- YOUR ASSIGNMENT -
An exact copy of the data is required, with no pictures in it.

- DATASET EXCERPT -
________________________________________

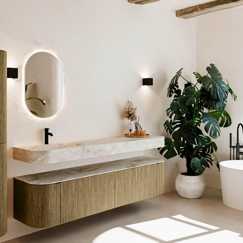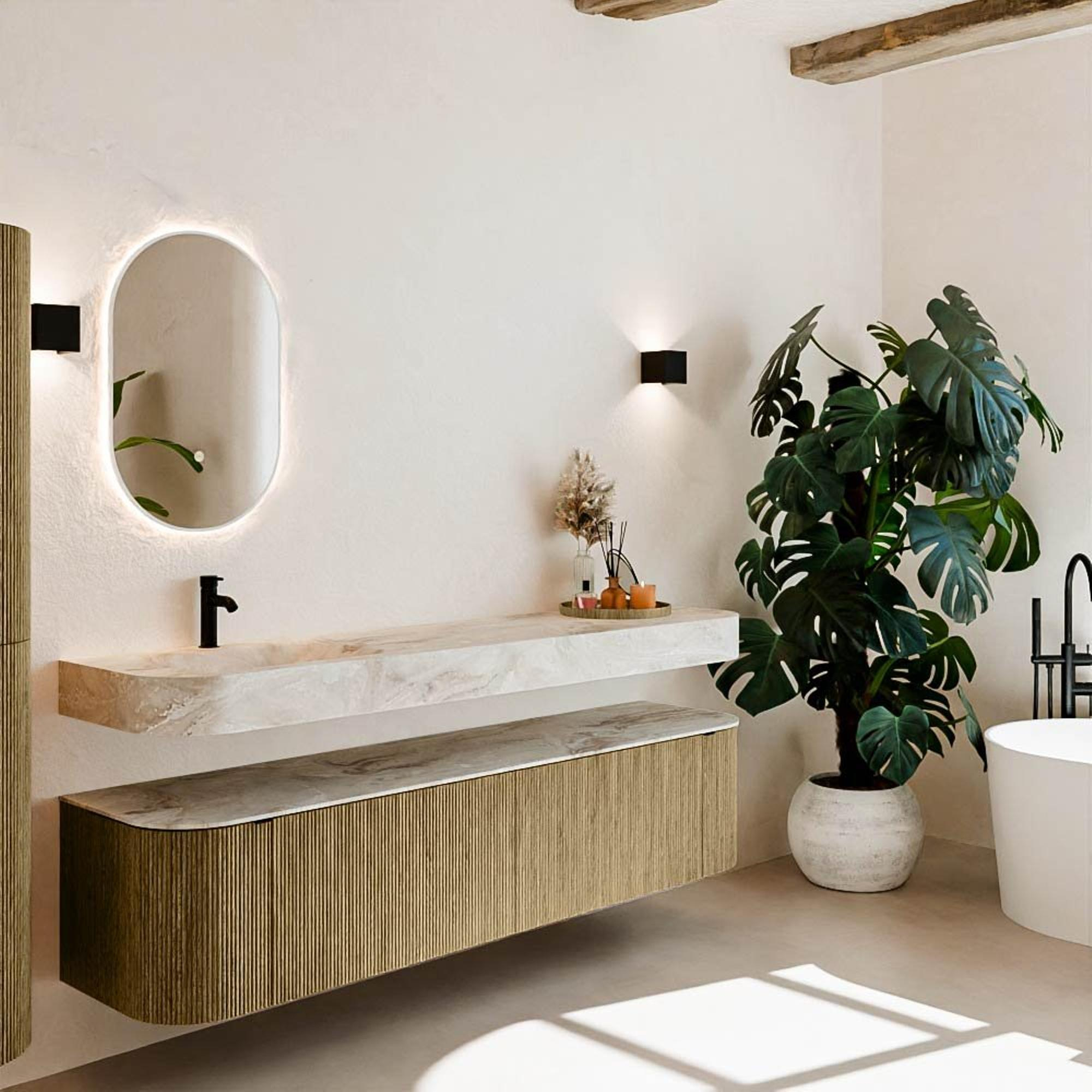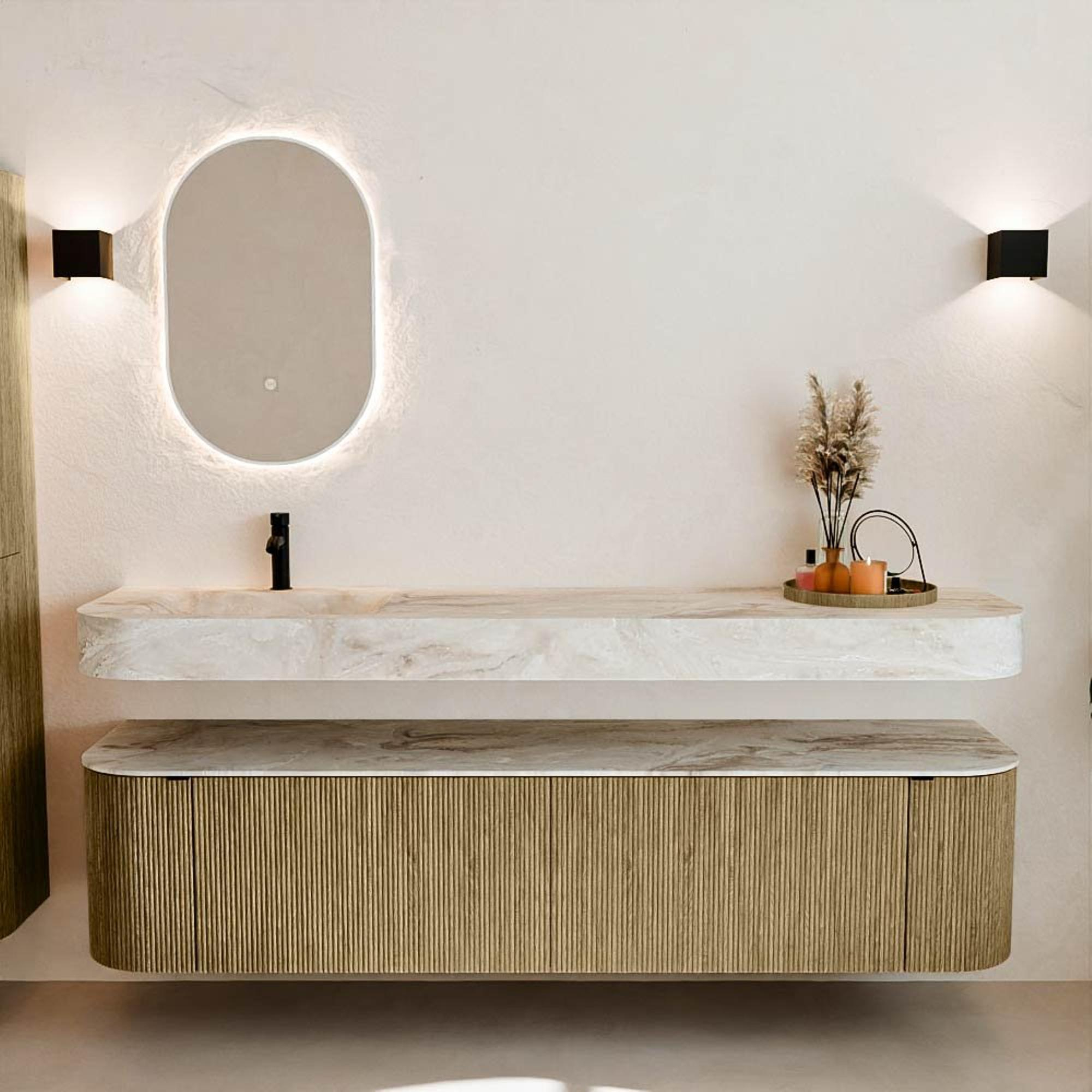 Matériaux naturels dans des tons chauds. Les cannelures verticales apportent rythme et texture au design, tandis que le chêne confère une apparence chaleureuse et artisanale. Choisissez parmi 5 teintes de bois OAK, WALNUT, DUSK, SHADOW et RUBY, des couleurs de bois soigneusement sélectionnées pour enrichir les salles de bains modernes et classiques.
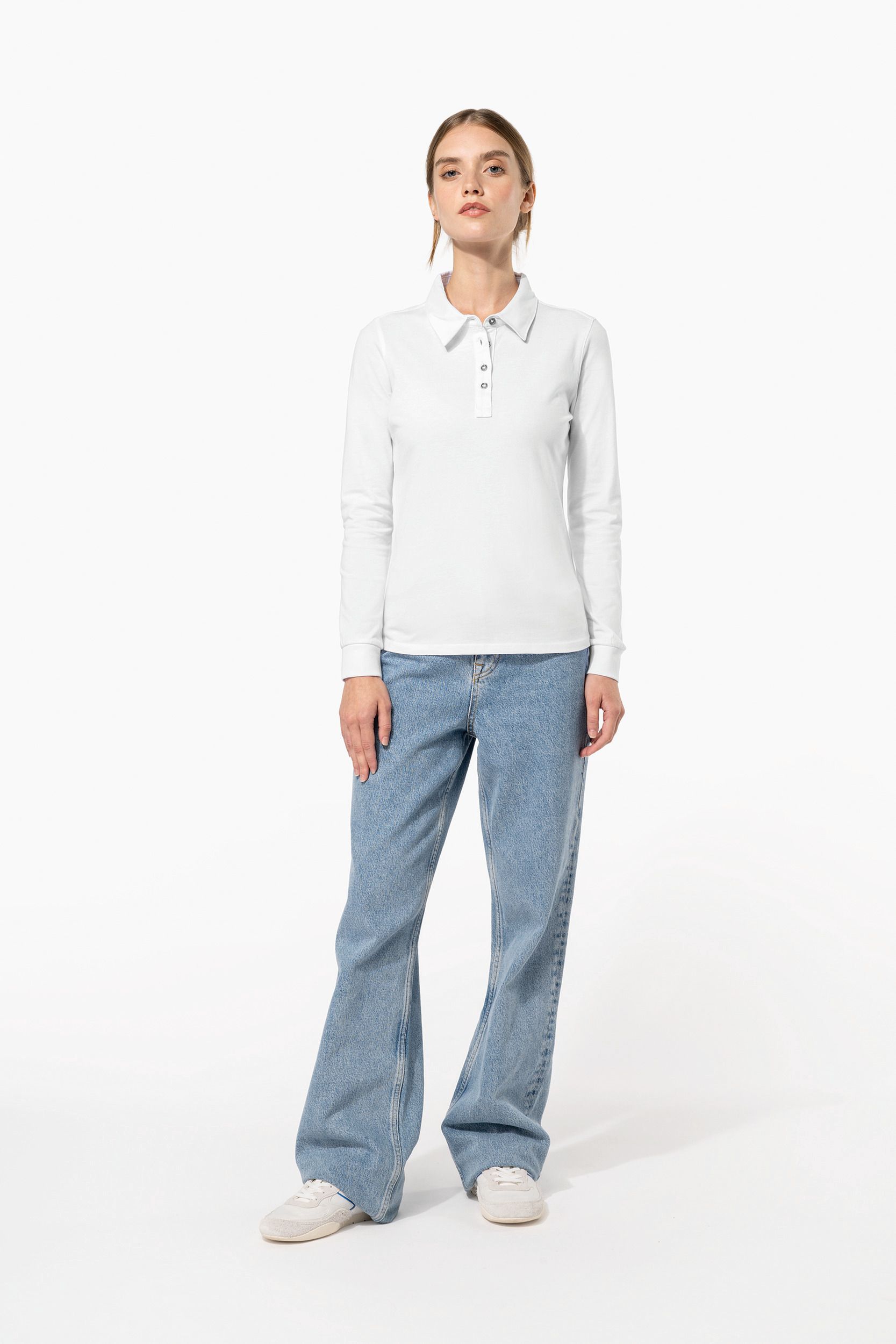 El polo jersey manga larga mujer es la prenda perfecta para cualquier ocasión. Confeccionado en 100% algodón, ofrece una suavidad y comodidad inigualables. Disponible en una amplia gama de colores como negro, gris, azul y blanco, y en tallas desde xs hasta xxl, se adapta a todas las preferencias y necesidades. Su diseño incluye un cuello de camisa y una tapeta con 4 botones de metal, que le dan un toque elegante y sofisticado.
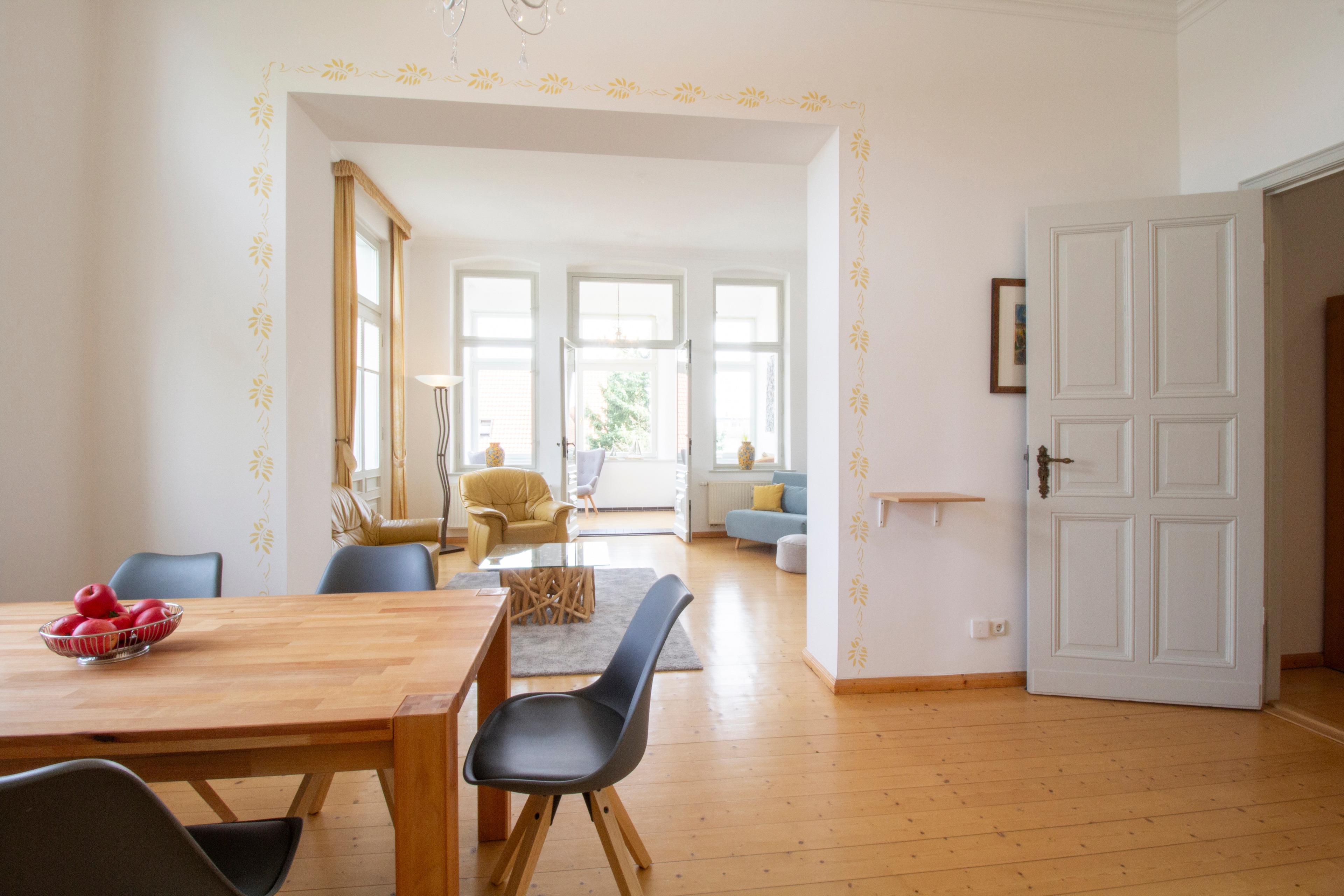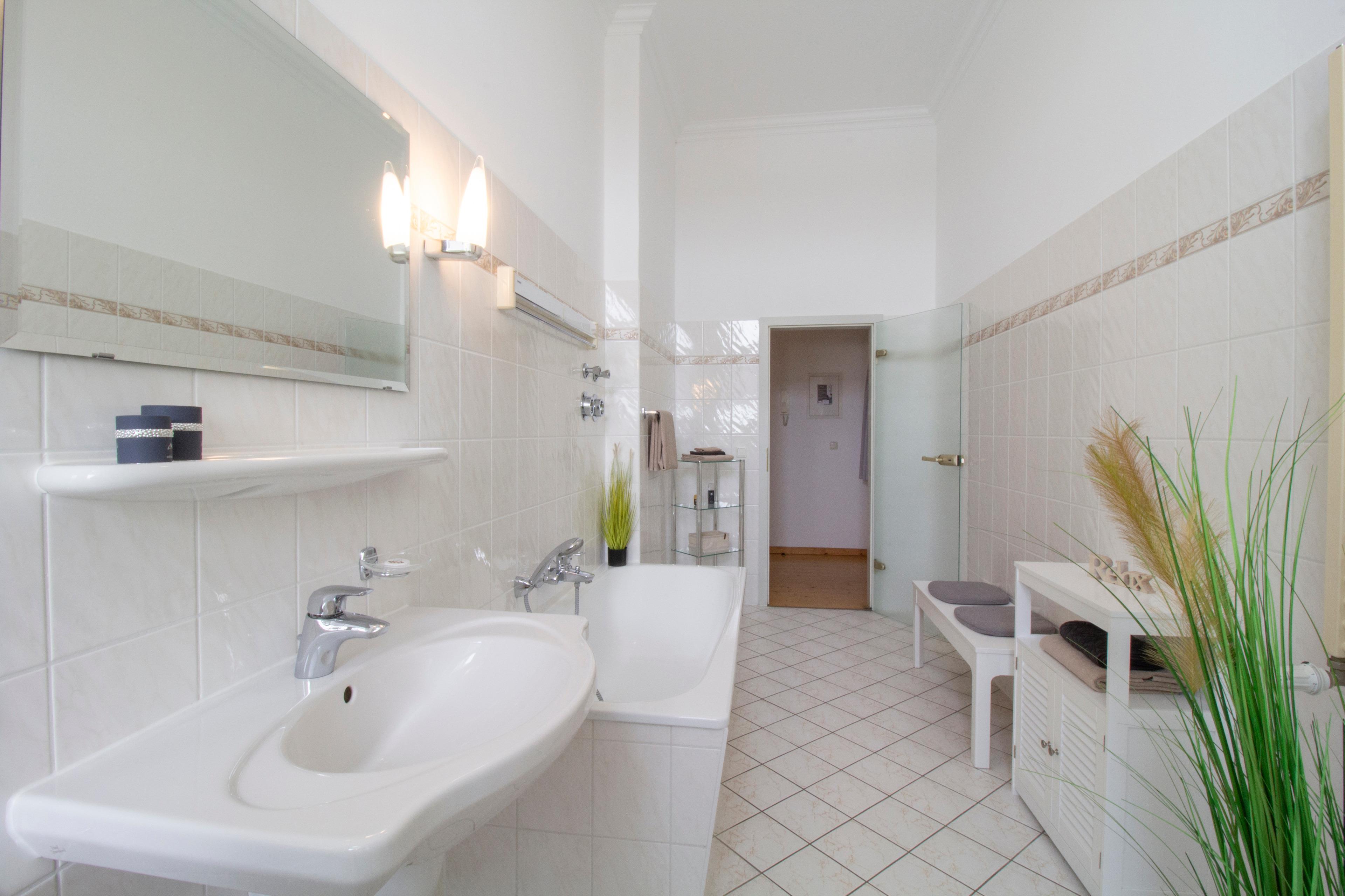 Die lichtdurchflutete 90 qm große 3-Zimmer Wohnung in typischer Bäderstilarchitektur mit hohen Decken liegt im 1. Obergeschoss und bietet bis zu 4 Personen viel Platz für einen entspannten Urlaub.

________________________________________

- ANSWER SECTION -
 Matériaux naturels dans des tons chauds. Les cannelures verticales apportent rythme et texture au design, tandis que le chêne confère une apparence chaleureuse et artisanale. Choisissez parmi 5 teintes de bois OAK, WALNUT, DUSK, SHADOW et RUBY, des couleurs de bois soigneusement sélectionnées pour enrichir les salles de bains modernes et classiques.
 El polo jersey manga larga mujer es la prenda perfecta para cualquier ocasión. Confeccionado en 100% algodón, ofrece una suavidad y comodidad inigualables. Disponible en una amplia gama de colores como negro, gris, azul y blanco, y en tallas desde xs hasta xxl, se adapta a todas las preferencias y necesidades. Su diseño incluye un cuello de camisa y una tapeta con 4 botones de metal, que le dan un toque elegante y sofisticado.
 Die lichtdurchflutete 90 qm große 3-Zimmer Wohnung in typischer Bäderstilarchitektur mit hohen Decken liegt im 1. Obergeschoss und bietet bis zu 4 Personen viel Platz für einen entspannten Urlaub.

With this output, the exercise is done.